For the many years the gap between the richest American’s and the rest of the work force continued to grow. US I.R.S numbers for 2003 show that only Americans in the top 1% of the income bracket, or those who make over $327,000 per year saw a significant income increase. The bottom 99% of the workforce only saw their incomes increase by less the 2%, which didn’t even match the overall inflation rate of 2.3%.

Gap between rich and poor people and societies might be one of significant generators of security problems. As this trend continues to grow, we can’t expect security problems to grow. Although this affects and applies to other security areas more, it is also case in computer and Internet security area. Internet, as one of the most important and democratic instruments for spreading news and knowledge, i.e. in media and learning space, shows this trend.

Some authors think that technology progress can help to democratize world and to create means which will help this gap to decrease. Their arguments are based on details such are:
• Availabity of modern technology to wider population
• Media coverage and availability of information
• Education and knowledge availability

This seems as true but only on first site. When we look into more details we can see that truth is different.

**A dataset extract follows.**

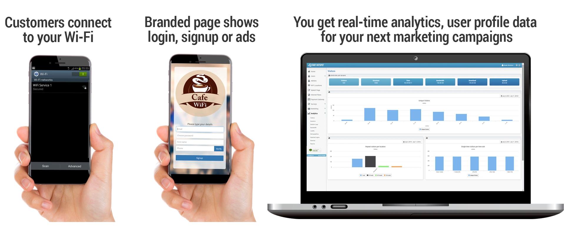 There is a possibility to include various features: free Internet, faster paid Internet, email and customer data collection, the access granted on entering room number and name, the access via social network accounts or having seen video commercials.
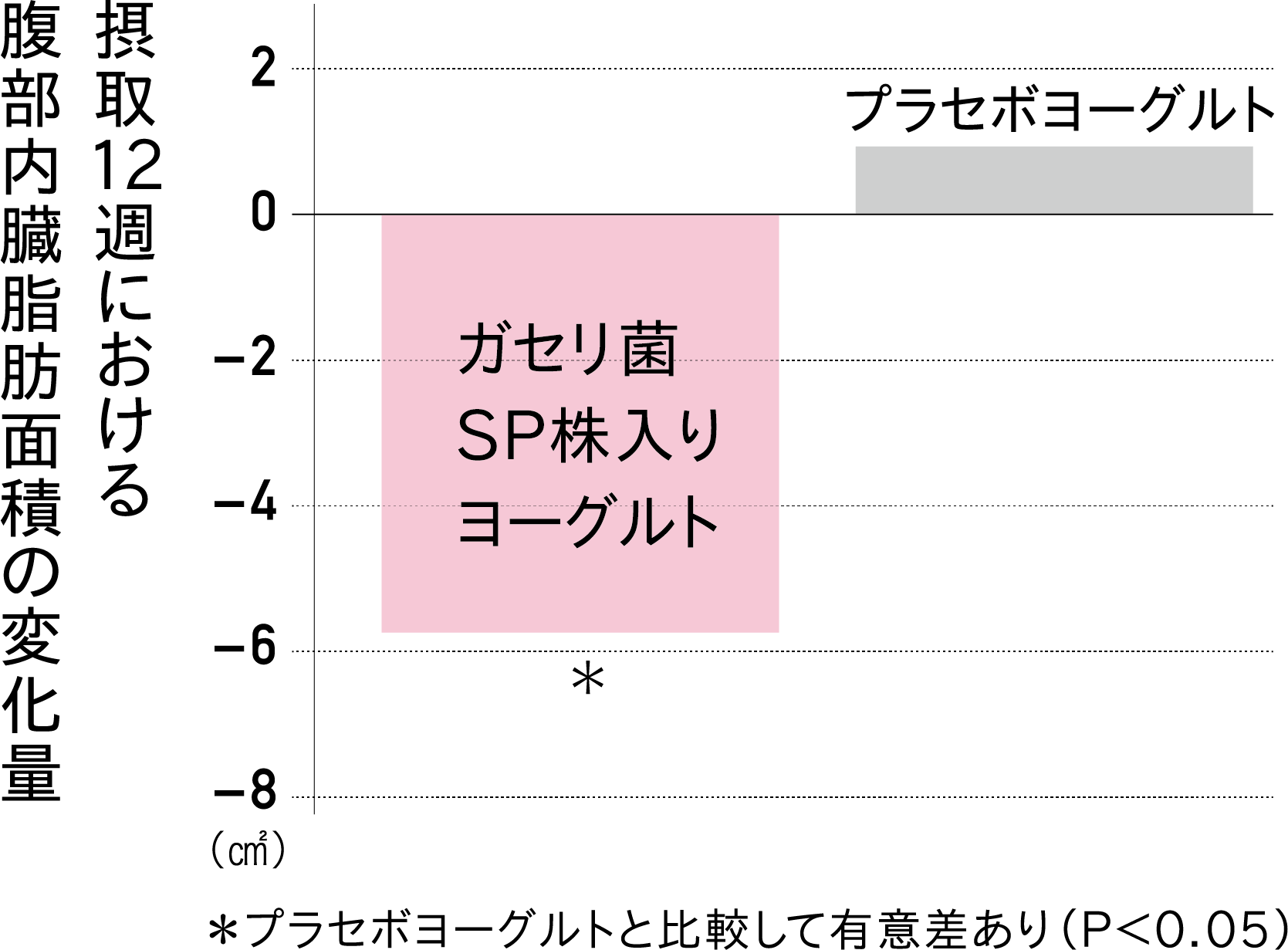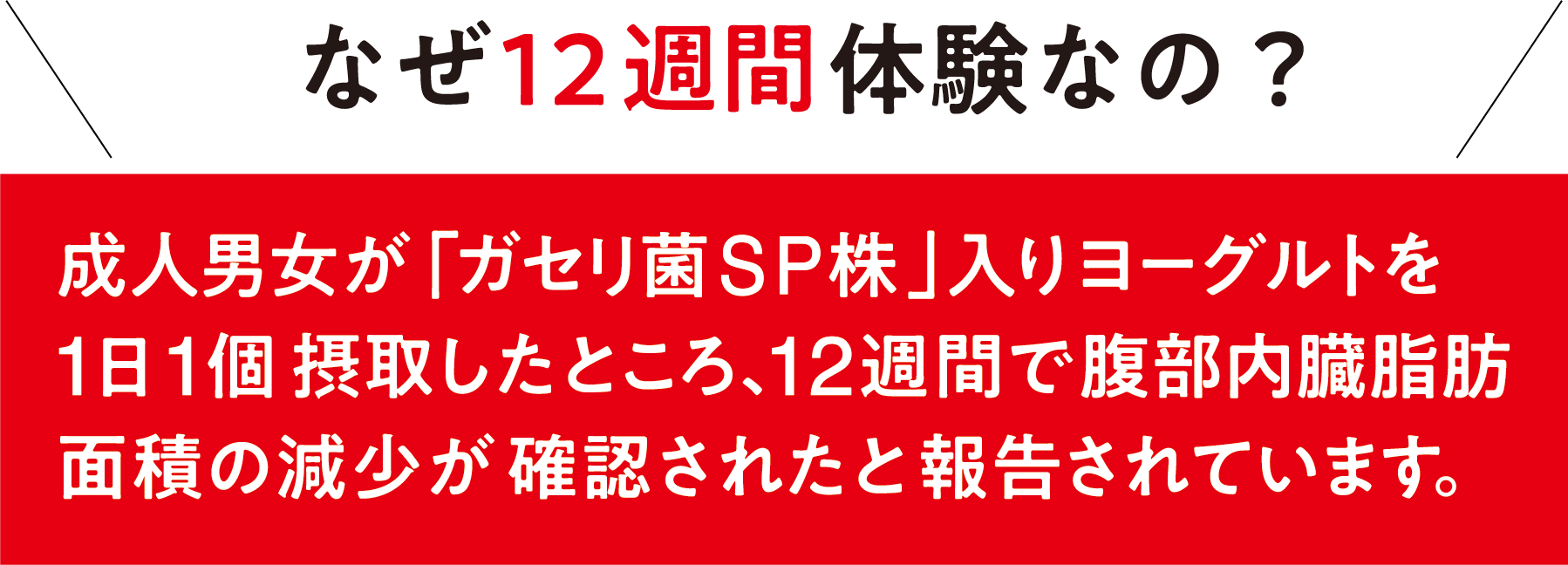 肥満傾向(BMI値: 25kg/㎡以上30kg/㎡未満、内臓脂肪面積: 80㎠以上)の20歳以上65歳未満の成人被験者101名( 「ガセリ菌SP株」入りヨーグルト群: 52名、プラセボヨーグルト群: 49名)を対象に二重盲検並行群間比較試験を実施した。被験者は、 「ガセリ菌SP株」入りヨーグルト1OOg( 「ガセリ菌 SP株」10億個)を摂取した群(男性: 27名、女性: 25名)、および 「ガセリ菌SP株」を含まないプラセボヨーグルト100gを摂取した群(男性: 27名、女性: 22名)の2群に分け、それぞれのヨーグルトを1日1個、12週間毎日摂取した。※プラセボヨーグルトは、 「ガセリ菌SP株」を含まないヨーグルトです。

Will technology increase the gap between rich and poor? It will certainly increase the gap between the productive and the unproductive. For example, with a tractor an energetic farmer could plow six times as much land in a day as he could with a team of horses. But only if he mastered a new kind of farming.

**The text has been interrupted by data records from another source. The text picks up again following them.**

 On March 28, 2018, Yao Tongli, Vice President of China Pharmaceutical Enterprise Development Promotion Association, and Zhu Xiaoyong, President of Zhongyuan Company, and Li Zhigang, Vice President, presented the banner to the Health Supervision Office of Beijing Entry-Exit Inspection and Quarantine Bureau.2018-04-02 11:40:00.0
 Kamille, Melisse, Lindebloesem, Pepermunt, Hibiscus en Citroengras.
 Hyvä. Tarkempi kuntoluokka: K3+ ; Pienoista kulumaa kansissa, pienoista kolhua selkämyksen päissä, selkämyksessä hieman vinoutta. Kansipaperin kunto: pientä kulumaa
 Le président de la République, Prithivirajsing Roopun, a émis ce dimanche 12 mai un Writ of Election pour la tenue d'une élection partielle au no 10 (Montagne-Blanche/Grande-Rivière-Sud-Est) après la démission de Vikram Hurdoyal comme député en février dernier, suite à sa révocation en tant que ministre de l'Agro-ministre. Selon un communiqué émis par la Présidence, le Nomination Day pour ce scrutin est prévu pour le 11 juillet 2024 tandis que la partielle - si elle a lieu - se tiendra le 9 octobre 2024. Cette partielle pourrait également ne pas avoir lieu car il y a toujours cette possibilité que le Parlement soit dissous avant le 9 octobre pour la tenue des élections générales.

For example, now high school kids could write software or design web sites. But only some of them will; the rest will still be scooping ice cream.

Improved technology made it possible for many people to buy a computer of their own as student, many years ago. Very soon, some of them were using it to make money as freelance programmers, web site designers etc. A few years before that, they couldn’t have done this. A few years before, there was no such thing as a freelance programmer.

As this example suggests, the rate at which technology increases our productive capacity is probably polynomial, rather than linear. So we should expect to see ever-increasing variation in individual productivity as time goes on. Will that increase the gap between rich and the poor? Depends which gap you mean.

But this gap is potentially dangerous. As in past, when people, armies, states were fighting for natural resources (land, water sources, oil, gas, mineral sources, forests), now people will fight for domination in information and communication world. It also produces more opportunities for those who want to make fraud. Information is important and others’ confidential data are relatively easy if owner of data failed to protect them in right way. Vital communication and information infrastructure can be target and way to harm interests of other groups, organizations and governments. It is also fact that increasing number of people believes that current division of natural resources and richness is not fair. Malcontent united with possibilities that new information and communication technologies give can lead to destructive ideas.

This becomes very important battle field in present time. In future we can foresee growth of this trend. It is probably important to understand that domination of small group of people over majority of others can be dangerous for them also.